0
votes

I'm wondering what I'm doing incorrectly either with data.table or dplyr.

The goal of the below code snippet is to calculate the difference in ROA from the median ROA by sector and year. The two look like they should produce comparable results but do not.

require(data.table)
require(dplyr)

set.seed(1)
roa <- rnorm(100000, mean = 0, sd = 1)
sector <- c(1, 2, 3, 4, 5, 6, 7, 8, 9, 10)
year <- c(2012, 2011, 2010, 2009, 2008, 2007)
sector <- sample(sector, 100000, replace = T)
year <- sample(year, 100000, replace = T)
data <- data.table(roa, sector, year)
rm(roa, sector, year)

data[,roa_ad_chk:= roa - median(roa, na.rm=T), by = c("sector", "year")]
data <- data %>% 
  group_by(sector, year) %>%
  mutate(roa_ad = roa - median(roa, na.rm = T))
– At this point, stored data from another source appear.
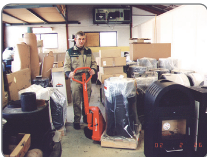
Gemakkelijk werken in gelijk welke enge ruimte verzekerd.
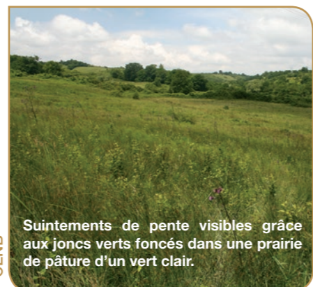
Suintements de pente visibles grâce aux joncs verts foncés dans une prairie de pâturage d'un vert clair.

Au sein des prairies sont installées des petites zones humides de suintements de pente en contexte agricole. Ponctuellement, se rencontrent des marais tufeux et zones paratourbeuses. Ce sont des milieux à forte patrimonialité qui accueillent des espèces comme le Scirpe comprimé, la Linaigrette à larges feuilles ou le Jonc noueux. Peu représentés sur le bassin versant de la Dheune, ces milieux sont très vulnérables et leur pérennité dépend du maintien du pâturage extensif.
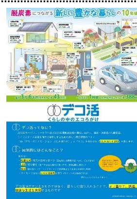
啓発資材（エコ活パネル）
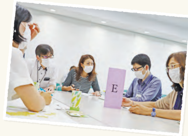
区民の皆さんと区長が直接意見を交換
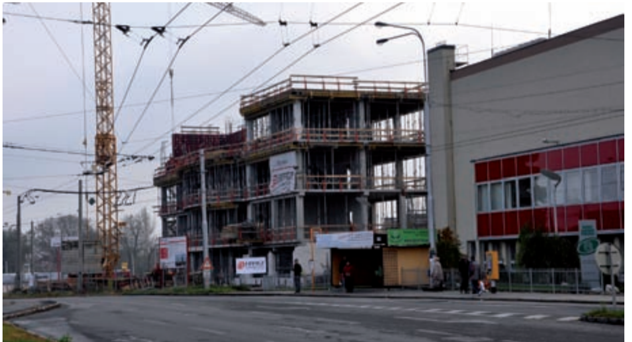
CO TAM BUDE? Na Michálkovické ulici je stavba nové administrativní budovy Revírní bratrské pokladny v plném proudu.
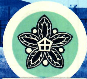
たはランディア 特設コーナー
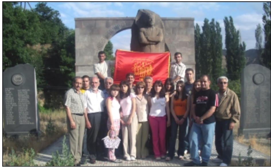
Խումբ մը ճնշակեաններ Մեղրիի Փարամագի յուշարձանի շուրջ

Քսանները մեզի թողուցին նաեւ հիանալի աւանդ մը: Երբ ակնարկ մը կը նետենք անոնց ծննդավայրերուն վրայ, կը տեսնենք որ անոնք կու գային Մեղրիէն, Մուշէն, Սամսոնէն, Պիթիւսէն, Արաբկիրէն, Քիլիսիէն, Պոլիսէն, Ակնէն, Խարբերդէն, Չմշկածագէն, Տենիզիլիէն, Կեսարիայէն, Պարտիզակէն, Վանէն, Շապին Գարահիսարէն եւ նոյնիսկ Աղեքսանդրիայէն: Իրենց հայրենիքի ազատագրութեան ու իրենց ազգակիցներուն բարօր կեանքի պայմաններ ապահովելու վեհ գաղափարն էր, որ քով քովի կը բերէր ու կը միացնէր զանազան շրջաններու ծնունդ այս հայրողիները, յանուն այդ միասնական ընդհանուր նպատակի: Հայու
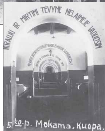
5-to kariuomenės pulko mokomosios kuopos patalpos.
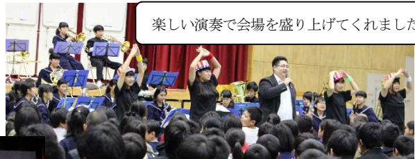
楽しい演奏で会場を盛り上げてくれました。
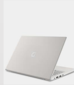
Software WIFI LAN
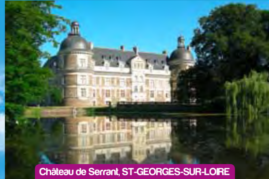
Château de Serrant, ST-GEORGES-SUR-LOIRE
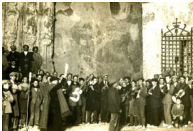
Imagen 13: Ronda de Mayos en Requena, hacia 1930.

La música de Serrano está presente en otro tipo de manifestación musical muy arraigado en Requena, el canto de los Mayos a las jóvenes, la noche del 30 de abril:
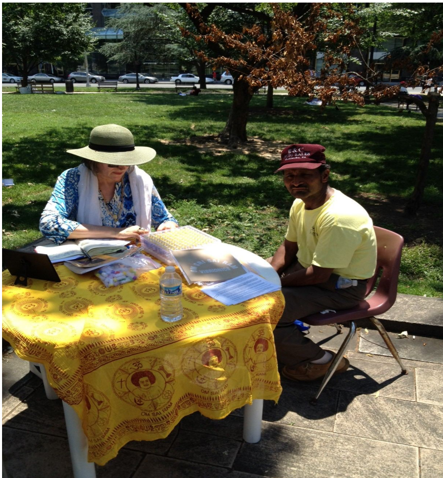
Vibrionica en el Parque – Sirviendo a los sin hogar Washington DC USA
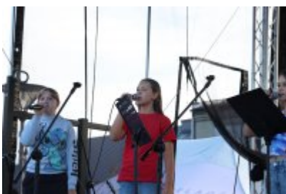
Piknik Ekologiczny w Czeladzi
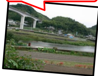
はりまや橋から 車で約15分
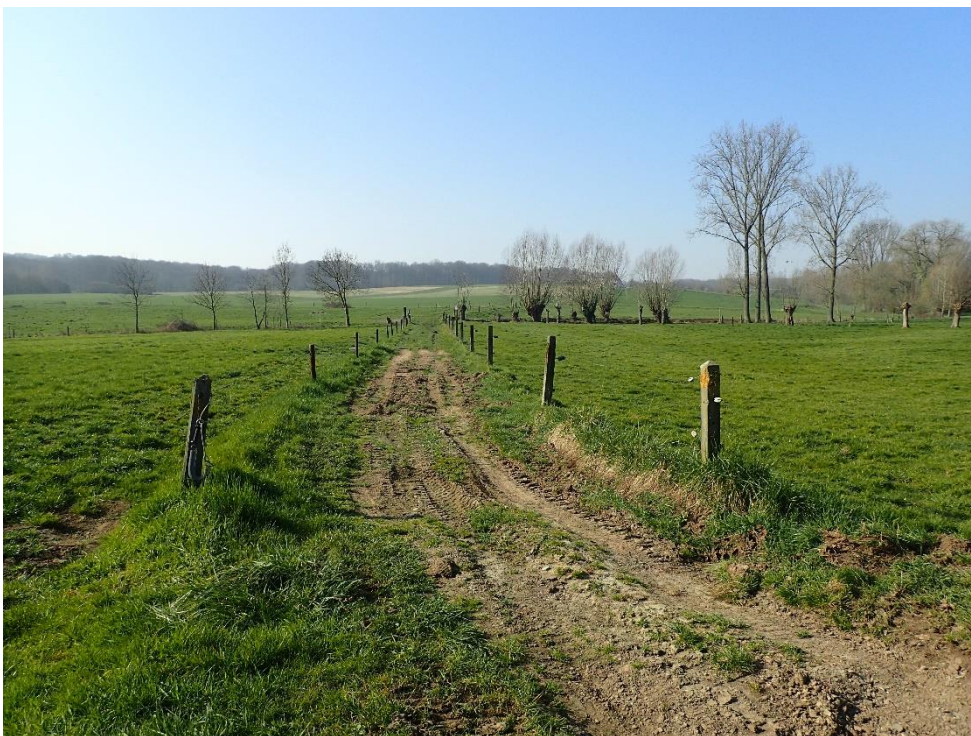
Foto 11: Zicht van aan het kruispunt Pullem-Hof ten Bosscheweg in zuidwestelijke richting over de onverharde Hof ten Bosscheweg naar Hof ten Bossche (24 maart 2022)

#shouldn't these functions be equivalent?
sum(data$roa_ad_chk - data$roa_ad)
rm(data)
2
When I run this, the final sum is 0 - so they seem to be equivalent. What do you get get? And what versions of dplyr and data.table do you run? - talat
I was getting 66.81926. Though I just restarted R and am getting an answer of 0. Looks like it is something to do with having both dplyr & plyr loaded. - rwdvc

2 Answers

1
votes

You don't necessarily need to detach one of the packages in this case. You can have both packages loaded, but when calling a function that has a shared name between them you can use the scope operator to differentiate which one you are calling. For example, suppose you want to call the function 'summarise()' from plyr package. You call it:

plyr::summarise()

and if you want to call that function from the dplyr package, you call:

dplyr::summarise()
1
votes

The issue was a result of having both dplyr and plyr loaded.